Comment 7 David Green CLA 2012-07-13 19:15:19 EDT
Carsten, can you please answer these questions[1] as a comment on this bug

1. I have authored 100% of the content I'm contributing
2. I have the rights to donate the content to Eclipse
3. I contribute the content under the EPL

fn1. http://wiki.eclipse.org/Development_Resources/Handling_Git_Contributions
Comment 8 Carsten Hammer CLA 2012-07-14 05:18:20 EDT
Hi David,

1. I have authored 100% of the content I'm contributing
2. I have the rights to donate the content to Eclipse
3. I contribute the content under the EPL

Best regards,
Carsten Hammer
Comment 9 Carsten Hammer CLA 2012-07-21 04:22:59 EDT
Hi David,
anything else that I have to do to make it possible to merge it into mainstream?

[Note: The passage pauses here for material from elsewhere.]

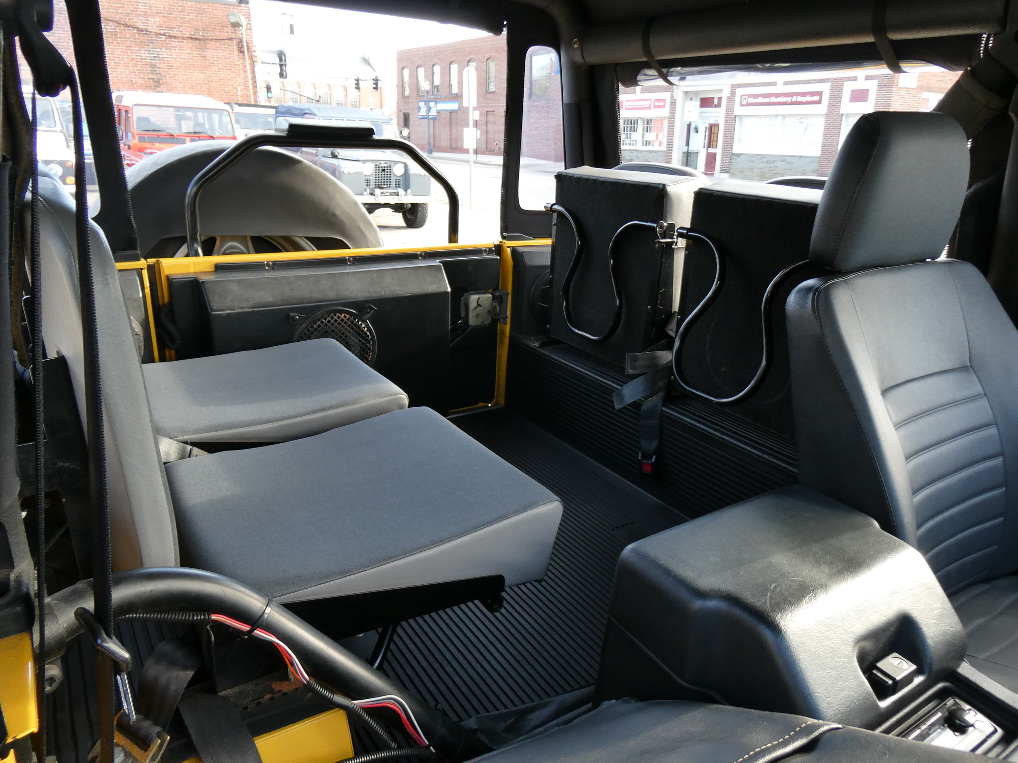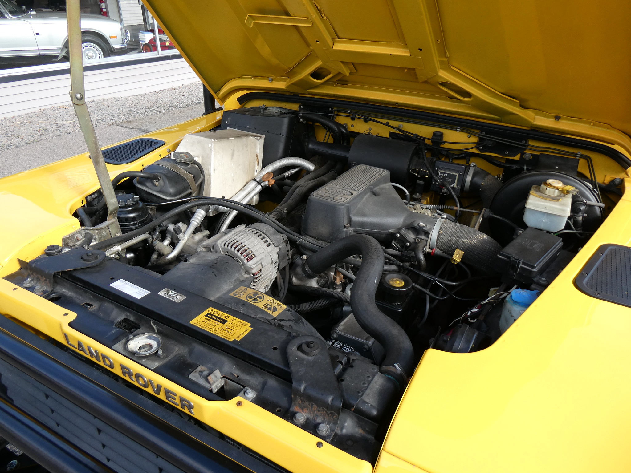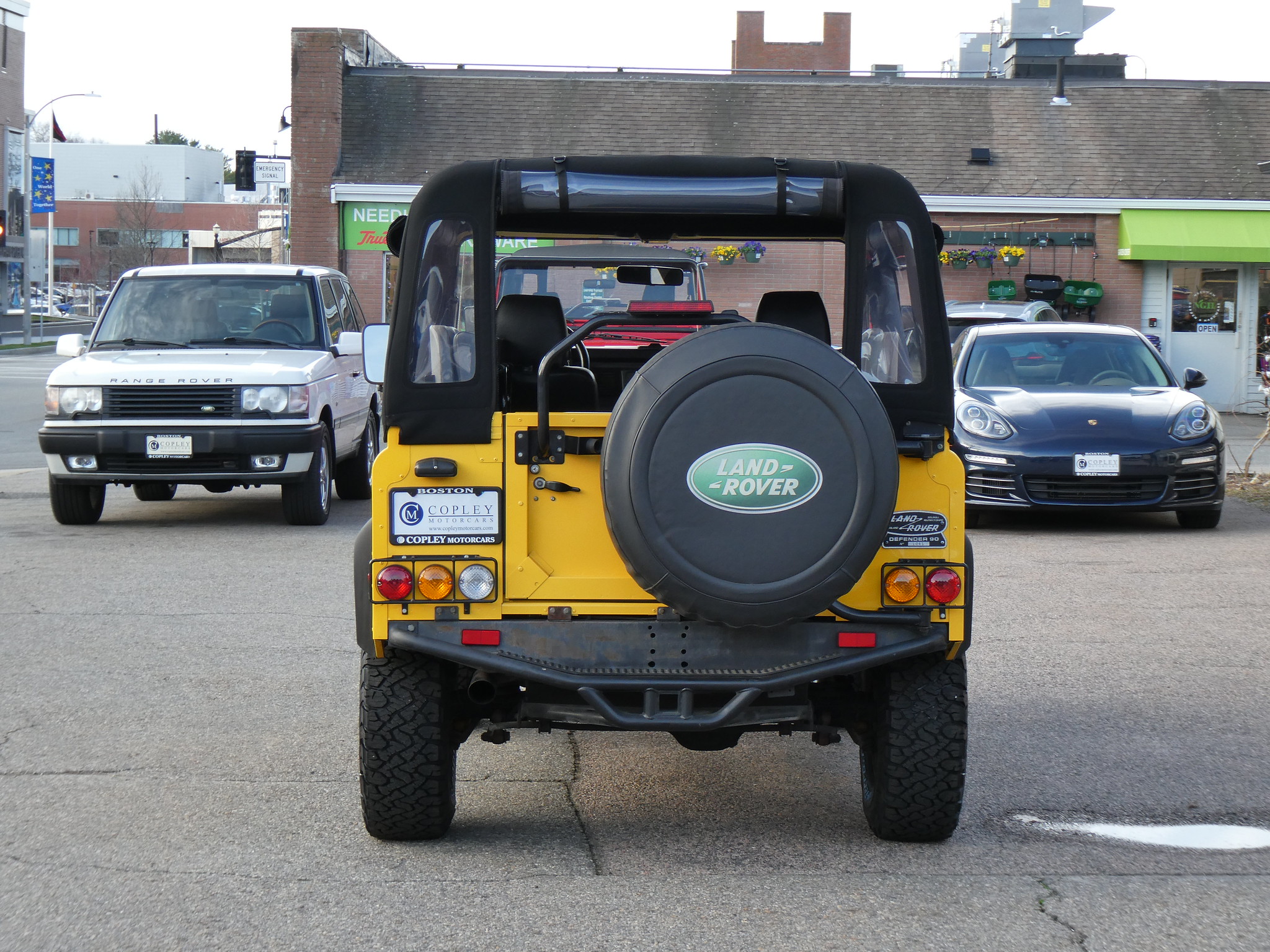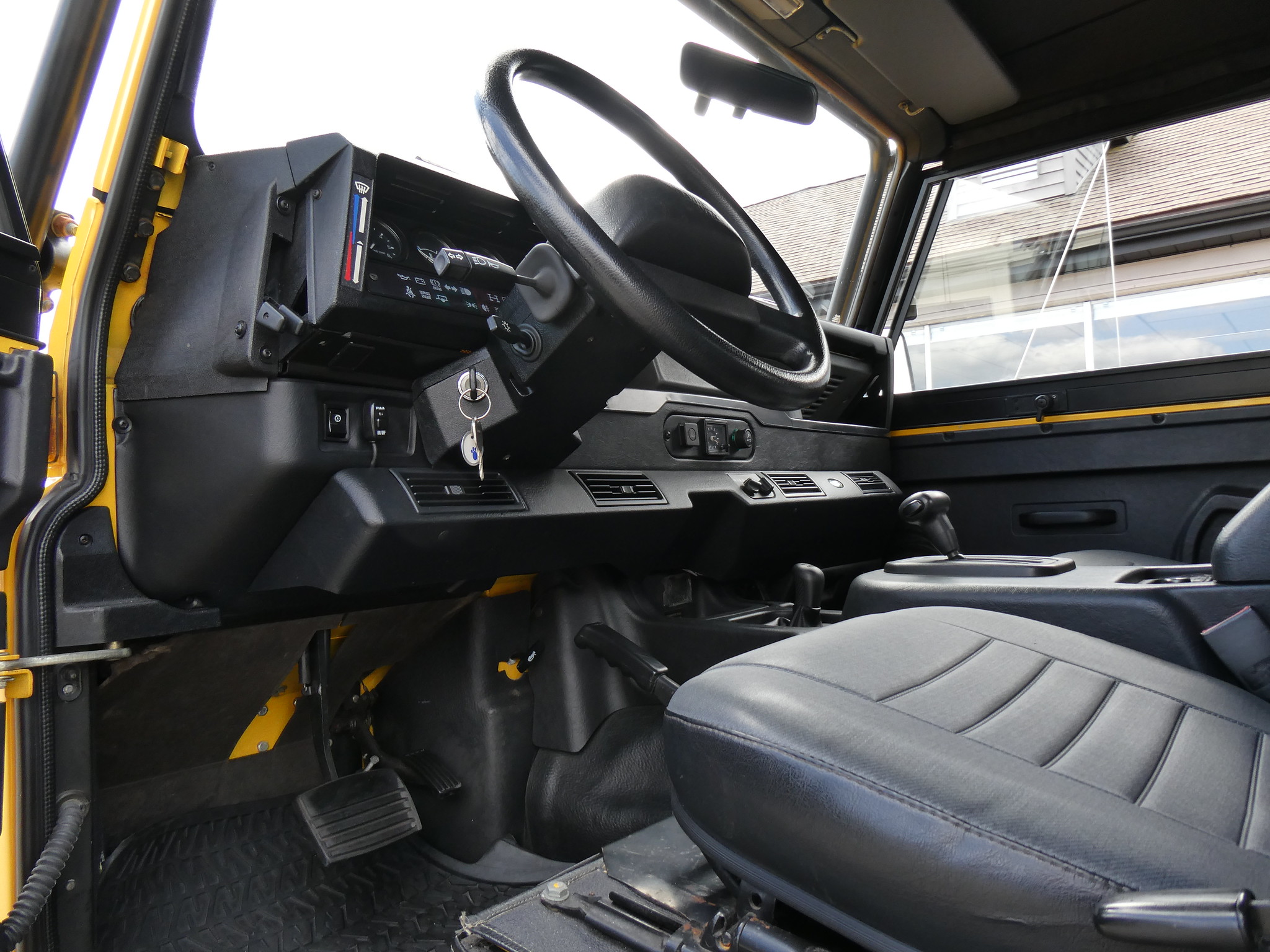 1997 Land Rover NAS Defender 90 soft top, S/N SALDV2246VA111502, AA Yellow with grey twill vinyl seat upholstery, full safari cage, full updated soft top with zip/roll-up windows, full time 4 wheel drive with high-low range, automatic transmission, air conditioning, Freestyle alloy wheels, front brush guard, front bumper integrated 9000lb Warn winch, side steps, rear lamp guards, 4 side facing rear seats with seat belts, delivered new June 30, 1997 via Land Rover Colorado Springs, complete with original owner’s manuals and spare keys, in the Copley family since 2009, an authentic North American Specification Defender 90, and one of just 371 in AA Yellow from the final year of import by Land Rover North America.

I think I dont have the right to do it myself. 
Best regards,
Carsten
Comment 10 David Green CLA 2012-07-27 10:17:30 EDT
Carsten, I've checked this change manually and it seems to work as expected, however I would like to see some unit tests to verify that it works as expected for responses containing a gimcontinue and responses without.
Comment 11 David Green CLA 2013-08-02 12:43:05 EDT
Closed as part of backlog clean-up.  Please re-open if you'd like to see this revisited, perhaps with a contribution.
Comment 12 Steffen Pingel CLA 2013-10-22 16:57:19 EDT
Reopening since this bug has been confirmed and there appears to be a fix in Gerrit. David, I think it would be good to consider this for the next (service) release.
Comment 13 David Green CLA 2013-10-25 19:39:51 EDT
Thanks for the contribution Carsten, sorry this has taken so long to get in.  I've merged the review.
Comment 14 David Green CLA 2013-10-25 19:40:50 EDT
*** Bug 418964 has been marked as a duplicate of this bug. ***
Comment 15 John Arthorne CLA 2013-10-27 16:44:30 EDT
I grabbed the latest nightly snapshot from Mylyn downloads page and tried but still have the same problem. I'm guess it just hasn't been picked up by a build yet.
Comment 16 David Green CLA 2013-11-18 10:25:31 EST
John, for a short period there new builds were not being published correctly.  It should be up there now.  Let me know if you have any problems.